Right. “Relapse” is a choice, and one that occurs over a period of time. Might be a bad choice, but it’s still a choice; it’s not like some invisible force is going to grab your hand and open a bottle. Relapse is a mindset. Relapse is telling yourself that you can drink again and take it or leave it; when really, you can’t. I don’t understand why this fear of slips or relapse. YES, some people will go out and hurt themselves or others on the first binge back; but more likely, it’s a gradual process of giving up what you’ve built (relying on your new coping mechanisms) in favor of relying on alcohol (which may or may not even work anymore, as far as giving you a high).
My boyfriend was a major drunk for 20 years…third generation alcoholic. He sometimes says he thinks he can just drink once again, and yes hes fallen off. But its easy to tell that hes been “slurping” as we call it. He calls me and babbles…and I know. Problem is we are having his first child…and I admit that the falling off puts me on edge. We both have a lot to lose. hes been “99.5% sober” for over a year and I still see him struggle to adapt. He thinks drunk Bill was fun, when in truth, he was only a little because he wasnt withdrawn or anxious….the bulk of the time he was assholian in nature. And thats something i know he doesnt see. Throwing up off the side of my very public front porch in his red underwear….yeah thats a place i know he doesnt remember.
The funny thing is that despite all the gross weird icky parts of being an alcoholic, he still says he did it to have fun. Maybe he only remembers those parts. I dont know…but get that hes got social anxiety off the charts. Hes very smart…misses nothing. I cant get much by him, if anything (just try slipping in a valentines or birthday gift unnoticed!) Sober, he forgets little. Every moment of his day seems to etch into his brain too deeply, good and bad. Hes far too patterned about his addictions…hes patterned about everything. His crazy ex wife got him drinking at home….a line he never crossed until she pushed it. Now he have triggers when he goes into the garage, the basement…damn near all over. My dad died a year ago and the last drinking he did was my dads last vodka bottle beneath the sink as we struggled to move into the house. I was at the other house…but he drunk dialed and i figured it out.
I used to drink regularly, but it wasnt hard to quit for me, because I was tired of feeling sick all the time. I didnt miss that at all. A couple times he took me to eat, and said, “you can drink if you want” but i told him i wouldn’t do that to him. Im not sure if he was just trying to be accepting or if he was trying to drink vicariously through me. At any rate, sometimes its tricky being #1 support person.

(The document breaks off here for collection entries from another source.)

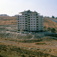 Jordan. Amman, refugees at Condo. across field, view from ACOR
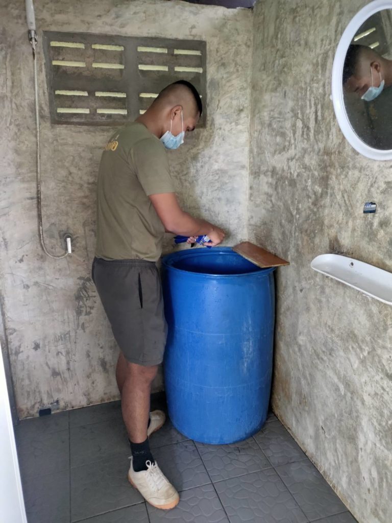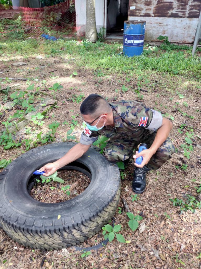 เมื่อวันที่ 27 เม.ย.64 ร้อย.พ.กอง สนช.กจต. ดำเนินการสำรวจลูกน้ำยุงลาย ทำลายแหล่งเพาะพันธุ์ หยอดทรายอะเบท พร้อมทั้งให้คำแนะนำกำลังพลตามหน่วยต่าง ๆ กำชับให้ช่วยกันดูแลความสะอาด รอบ ๆ พื้นที่ไม่ให้มีภาชนะน้ำขัง ที่เป็นแหล่งเพาะพันธุ์ลูกน้ำยุงลายเพื่อป้องกันการเกิดโรคไข้เลือดออกภายในค่ายตากสิน ผลการดำเนินงานเป็นไปด้วยความเรียบร้อย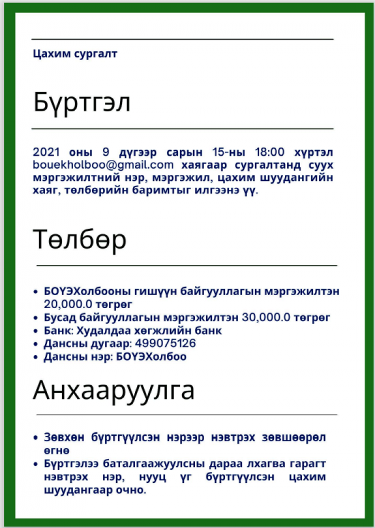 Сургалт есдүгээр сарын 16-ны өдөр болно.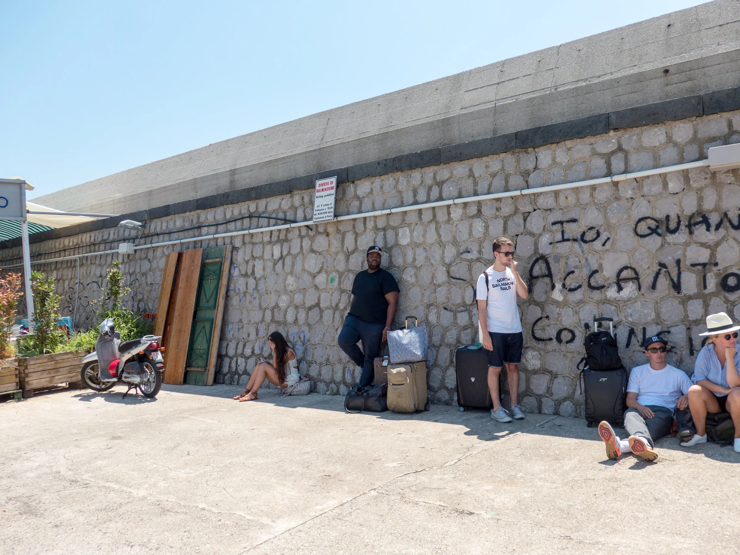 You can anxiously wait in the sliver of shade along the wall for the ferry, or...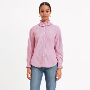 J. Crew Pink Striped Ruffled Button Front Poplin Shirt, XXS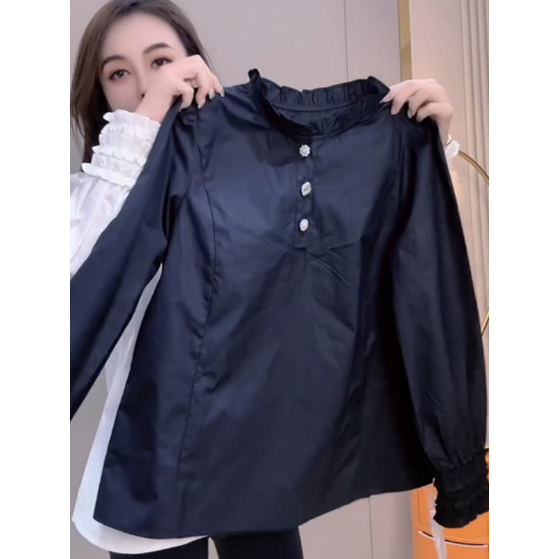 法式气质拼接木耳花边立领衬衫女早春新款宽松百搭层次感别致上衣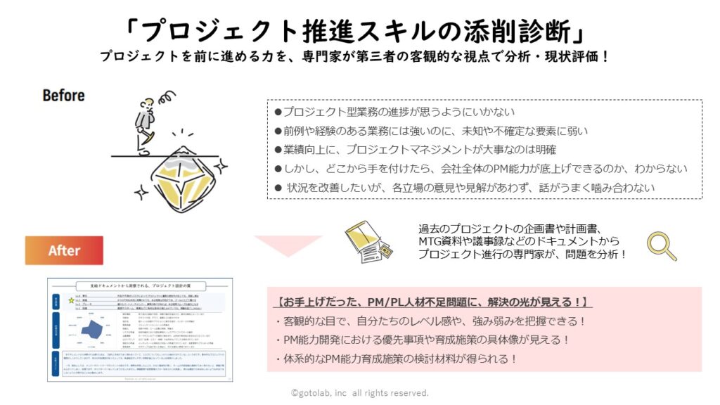 ゴトーラボでは、プロジェクトの企画書や計画書、MTG資料や議事録から、プロジェクト組織や進行に関する深層課題を読み解き、今後、どのような対策を打つとよいかのヒントを差し上げる、というサービスを提供しています。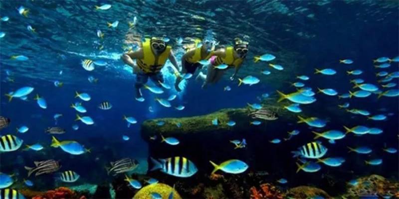 海洋馆:探索全球最大的水族馆、观赏超过800种海洋生物、仿佛已融入这缤纷世界里。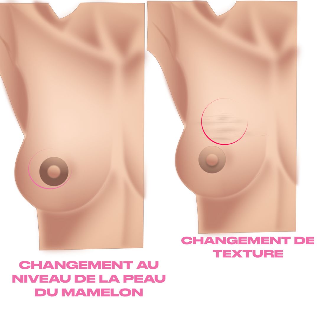 Tout changement dans la texture de la peau du sein, comme des rougeurs, des bosses, des plis ou des épaississements, ainsi que des changements dans l'aspect de l'aréole, comme un élargissement ou un amincissement, doivent être évalués par un chirurgien sénologue.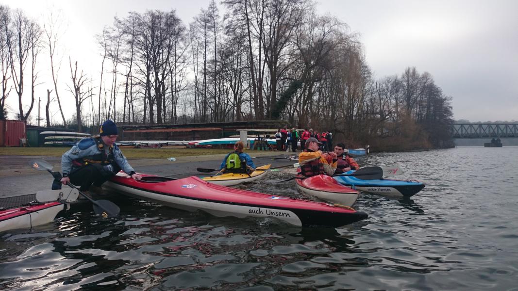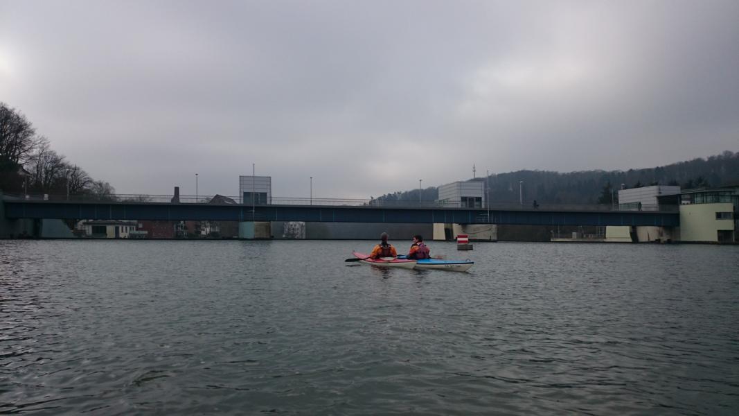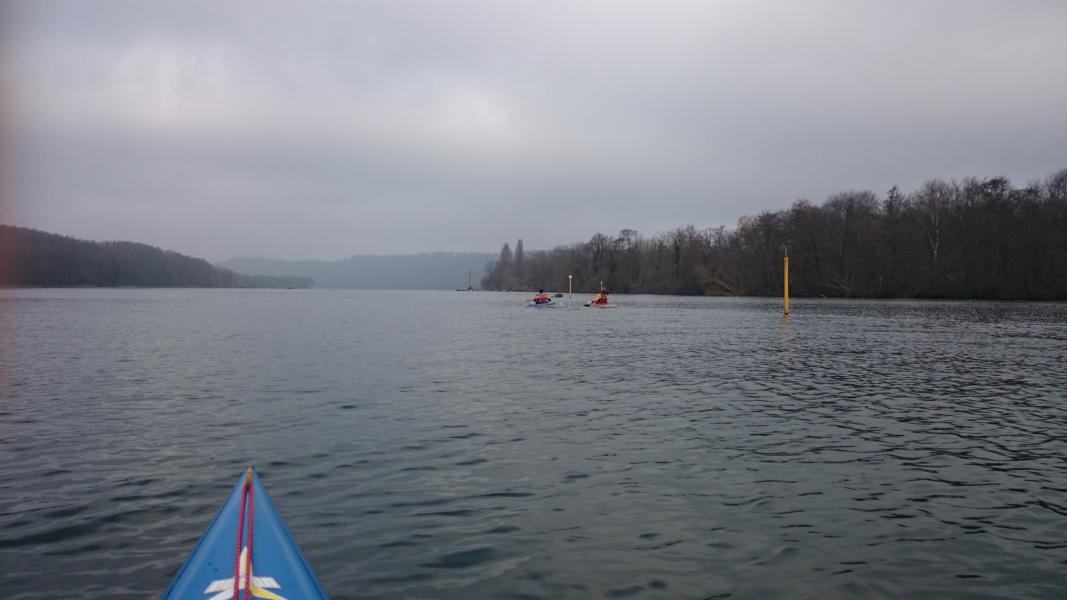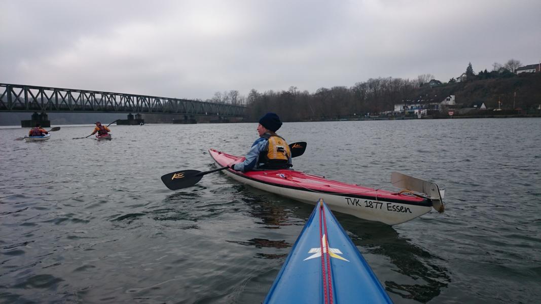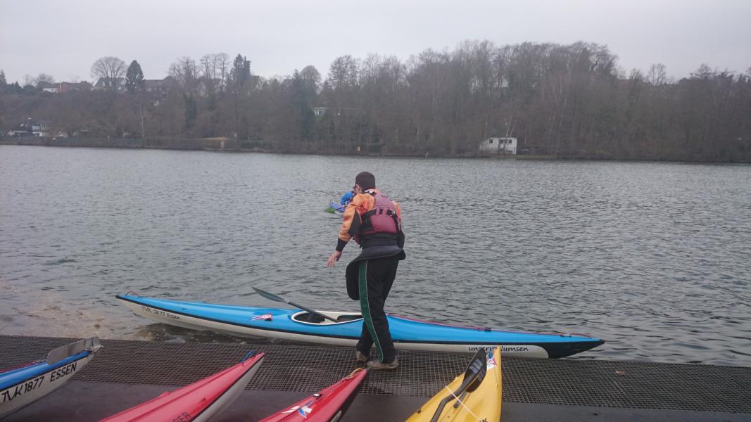 Nach einer gefühlten Ewigkeit war ich mal wieder mit meiner Schwester und meinem Schwager (und dessen Verein, dem TVK Essen) paddeln. Wir fuhren ihre Hausstrecke, eine Rundtour auf dem Baldeneysee. Praktischerweise konnte man zum Umziehen die Umkleiden des Vereins benutzen. Endlich im warmen die Klamotten wechseln.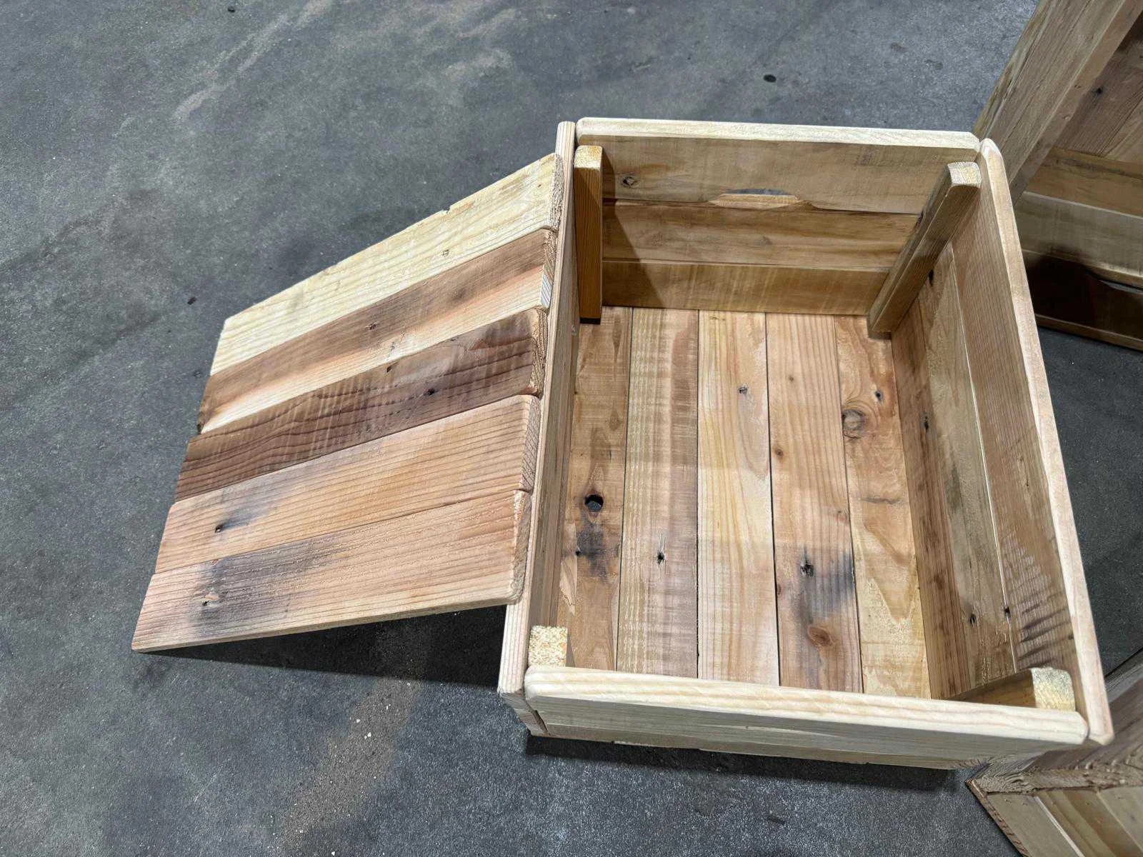 Kist is gemaakt van gebruikt hout, inclusief deksel Lengte: 400mm Breedte: 320mm Hoogte: 230mm Materiaal: Hout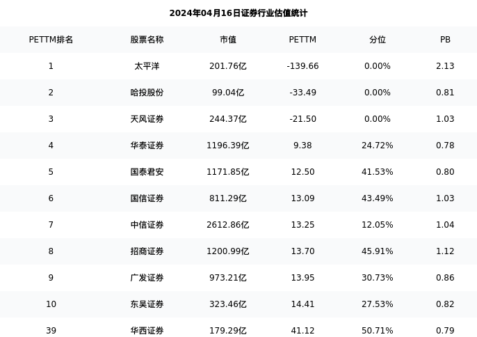 从估值角度看:华西证券最新市盈率PETTM为41.12,在行业内排名36/50,处于50.71分位。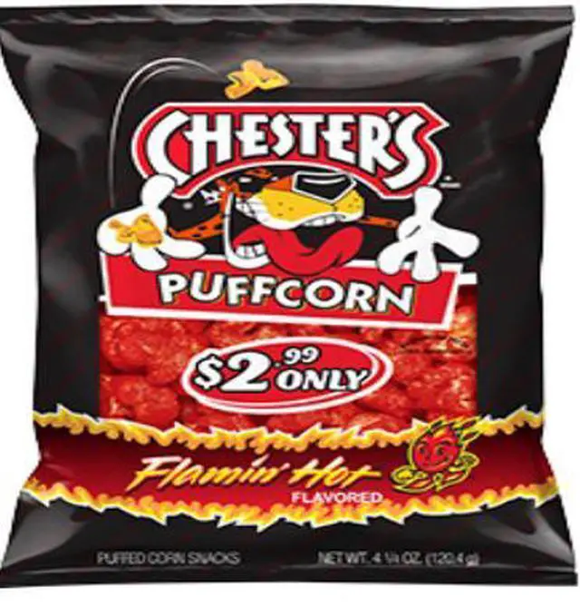Chester's Puffcorn Puffed Corn Snacks Flamin' Hot Flavored 4 1/4 Oz x 12 Big Bags!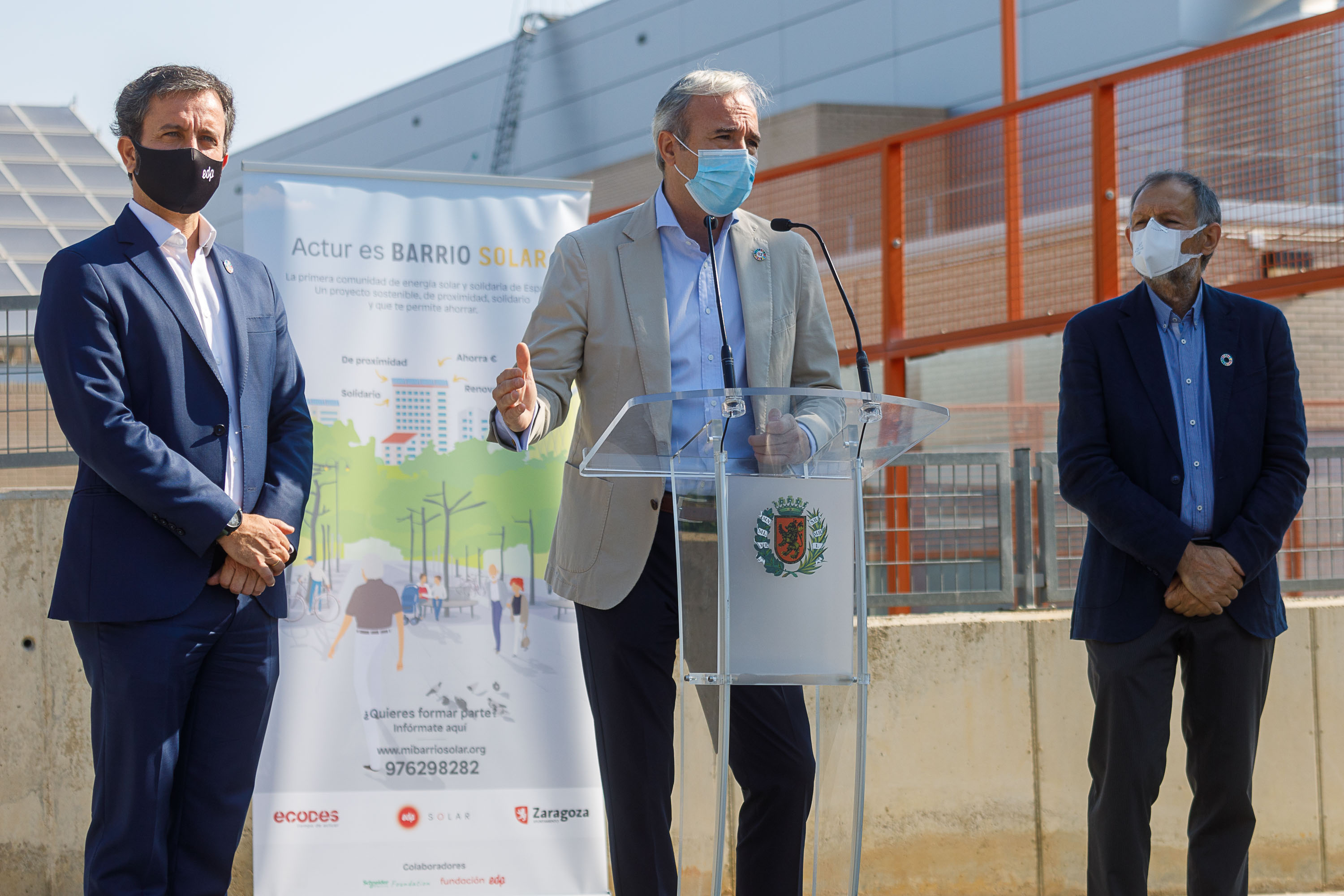 Actur Barrio Solar, la iniciativa impulsada por el Ayuntamiento de Zaragoza, ECODES y EDP, coge forma tras el inicio de los trabajos de instalación de los primeros paneles solares en los centros deportivos municipales Actur V y Siglo XXI. Con esta pionera iniciativa, dirigida a fomentar el autoconsumo colectivo, 200 vecinos y comercios de Zaragoza podrán beneficiarse de energía solar generada en las cubiertas de edificios municipales. El primer barrio solar de España, solidario y renovable, estará operativo el próximo otoño en el barrio Actur-Rey Fernando. Todos los avances del proyecto se han dado a conocer en un acto al que han asistido Jorge Azcón, alcalde de Zaragoza, Víctor Viñuales, director ejecutivo de ECODES, y Gabriel Nebreda, director de EDP Solar.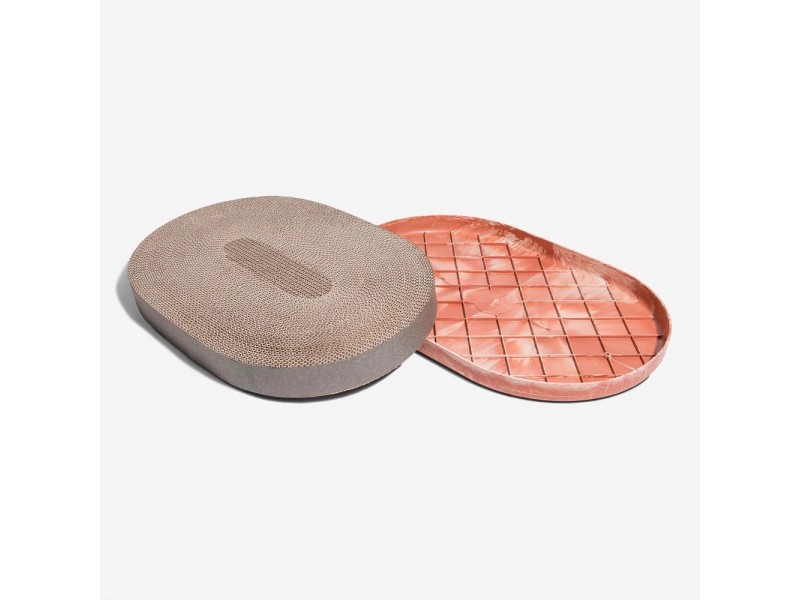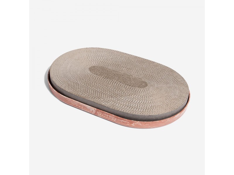O arranhador para gatos Citrus é feito de camadas de papelão e é extremamente atrativo para os gatos arranharem.
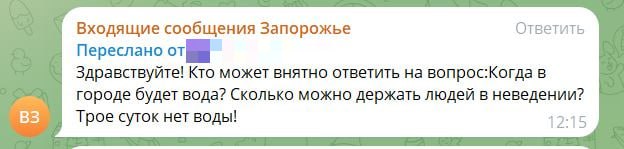 "Из-за неадекватной работы шахты люди увольняются и уезжают. А ещё из-за отсутствия света, воды и тепла. В городе колоссальные проблемы, местные власти бездействуют. Такое ощущение, что в Запорожской области кроме Мелитополя нет других городов", - отмечает подписчик.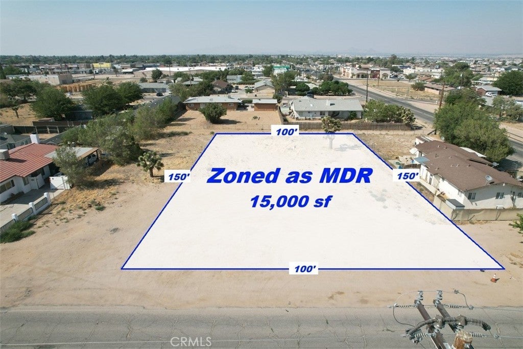 Prime Residential Lot Opportunity! 15,000sf flat property, zoned MDR - (Medium Density Residential) per owner, you can be approved to build up to 4 units in this lot, opportunity awaits. Amenities: public Access paved road, Ideally located near the 15 Freeway and surrounded by highly-rated schools, popular restaurants, shopping, and community amenities surrounded by other homes, utilities adjacent to site, (electricity, gas & water), sewer line is about 100+/-ft from lot, or septic will be permitted if preferred, as per seller investigations, Lines demarcating boundaries are approximate, not surveyed, buyer and buyer’s agent are highly recommended to verify exact boundary lines and all aspects of the property: buildability, local utility companies, zoning and land usage with the city of Hesperia, Planning and Building Department.
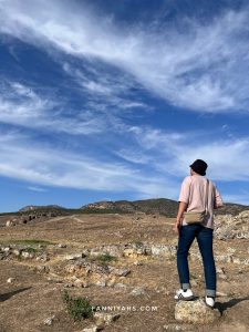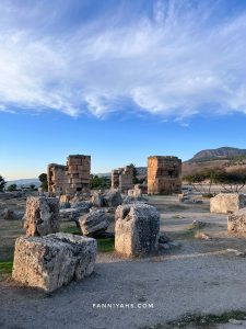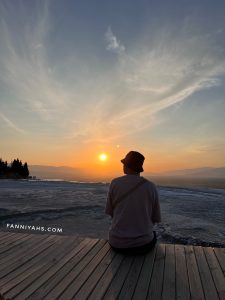 Kami menenumkan area sepi di Cotton castle karena airnya kering tapi bagus buat photo dan duduk bersantai 😀 Dari pintu masuk jalan terus sampai ujung. Kami duduk-duduk di sini lama, let the time pass by sambil melihat matahari terbenam cahayanya memantul di atas cotton castle. Cuaca di Pamukkale berbeda dari Istanbul dan Cappadocia. Di sini lebih panas.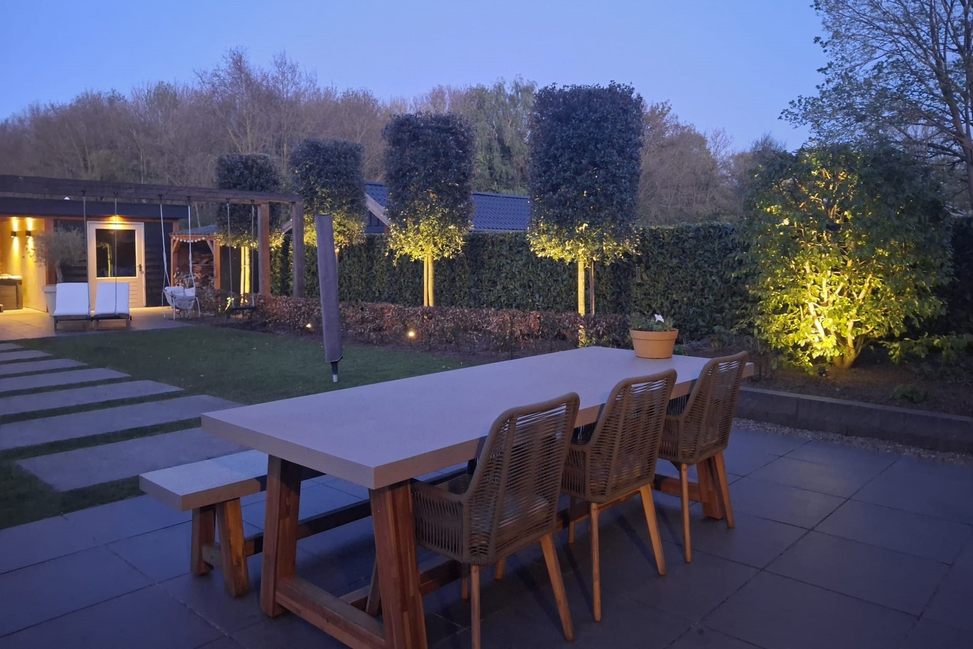 - Fraaie, onder architectuur, aangelegde tuin met tuinverlichtingsplan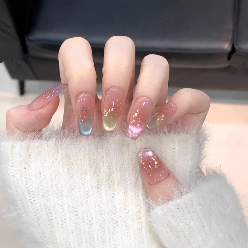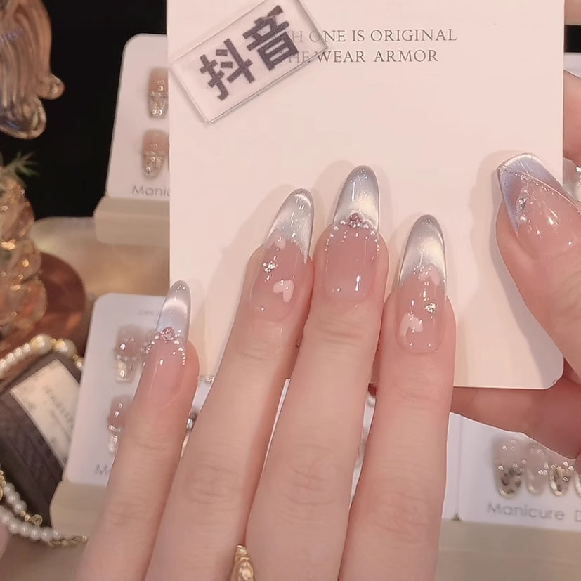 【元気虹】新作春夏純欲気質フランス猫眼純手作り甲高級顕白ネイル

I know he will always withdraw in social situations, always watch from the outside in his quiet way. I know if he drinks twice in the same place, a pattern will be set, and we are sunk. But i know he loves his baby…longed for a child. I hope the drive to be a good dad helps him find his feet further. i guess we will just have to see. Day by day. Thanks for this blog. Im trying hard to understand and be supportive, and it helps.
Wow that was awesome
Thanks for sharing. Those pictures were really powerful.